Concurrency (并发)
Quote
Concurrency is about dealing with lots of things at once, but parallelism is about doing lots of things at once.
- A way to run multiple Thread or Process (进程) at the same time, instead of running one thread or process after another thread or process is done
- We can achieve concurrency with multiple CPU Core, this is also known as Parallelism (并行性). We can also achieve concurrency with a single CPU core by performing Context Switch
Maximise CPU utilisation + better user experience
CPU is idle when the process and thread are performing non CPU-bounded tasks like reading and writing to IO Device and waiting a result from a remote Server etc. By performing context switch, we can let another process or thread to use CPU to complete its computation. Parallelism allows us to run multiple threads of processes at the same, if we have 4 CPU cores, it means we can have 4 processes/threads consuming the CPU at the same time.

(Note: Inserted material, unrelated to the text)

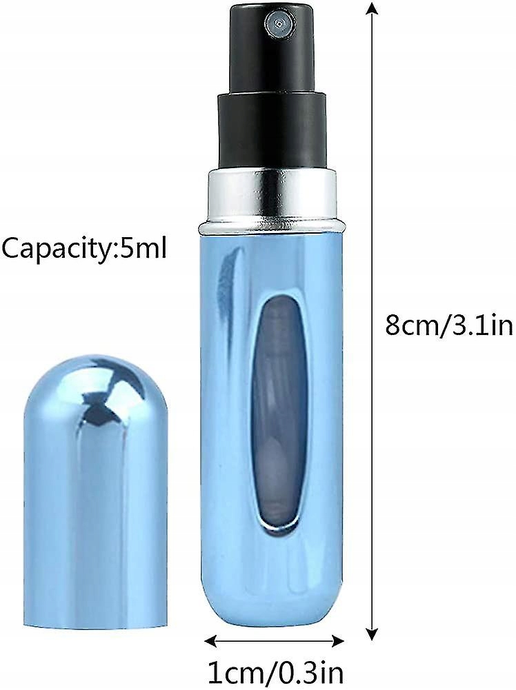 Travel size: 8.5 cm x 1.8 cm, 5 ml capacity.Material: It consists of an inner glass container and a metal shell that is not easy to break and leak. The transparent inner glass tube allows you to easily see the amount of perfume remaining.Exquisite design: Travel Perfume Spray Bottle Compact and lightweight, easy to carry, ideal for bags, wallets, tote bags and suitcases.Easy to refill and reuse: Can be refilled from the bottom in seconds using the simple pump-to-fill technology.Color bowl: You can put your different fragrances together in 4 different colors and enjoy the fresh perfume spray all the time.

The above describes about how concurrency helps with CPU utilisation. Concurrency also ensures users feel everything is running at the same like browsing the web and playing music at the same time.
Parallelism (并行)
- A subset of Concurrency (并发), Process (进程) and Thread run on their own CPU Core. This is the true processing of multiple tasks at the same time, not an illusion created by quick Context Switch
Data Parallelism
- Divide the data into smaller subsets and distribute them across different CPU cores
Important
This approach yields great performance when the operation on each subset of data is independent of the others, as each subset forms an independent subproblem.

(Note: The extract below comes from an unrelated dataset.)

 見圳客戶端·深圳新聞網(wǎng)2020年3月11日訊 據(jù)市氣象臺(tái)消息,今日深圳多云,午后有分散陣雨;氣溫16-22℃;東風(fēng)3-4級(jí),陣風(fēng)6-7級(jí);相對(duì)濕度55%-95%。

Dividing data into 4 subsets and running them on 4 cores doesn’t yield 4 times the performance due to several factors. Overheads from task distribution, synchronisation. Amdahl’s Law limits speedup based on the proportion of sequential work, while shared memory bandwidth and cache misses can bottleneck performance. Additionally, imbalanced workloads and communication overhead further hinder scalability.
Task Parallelism
- Distribute tasks (or Thread) across multiple CPU cores. Each thread performs a unique operation
Important
Different threads may operate on the same data, in which case Synchronisation (同步) may be needed.

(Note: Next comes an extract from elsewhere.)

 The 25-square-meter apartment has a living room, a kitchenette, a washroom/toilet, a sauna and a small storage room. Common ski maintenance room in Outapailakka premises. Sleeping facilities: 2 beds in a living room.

If different threads operate on different data, synchronisation is not needed.
Multi-tasking
- An extension of Multi-programming. The ability for Kernel to execute multiple tasks at the same time by giving each Process (进程) a very small Time Slice, achieving Concurrency (并发). Focusing on improving user experience
- The above animation shows only one CPU, but multi-tasking can also be implemented on multiple CPU Core to achieve Parallelism (并行性)
VS Time-sharing?
In Time-Sharing, we have multi-users instead of multi-tasks. Multi-tasking focuses on the tasks, and the tasks can be from different users. So in that sense, multi-tasking is a superset of time-sharing.
Time-Sharing
- A implementation of Concurrency (并发) and a specific implementation of Multi-tasking when CPU is shared by multiple users at the same time, achieved with quick Context Switch. This allow multiple users to run jobs on the same computer at the same time
- All Time-sharing systems are Multi-programming systems
Info
The first time-sharing machine is invented at MIT in the early 1960s, machines before it are all Batch System.
Multics - Wikipedia was one of the first time-sharing OS which inspires the creation of Unix.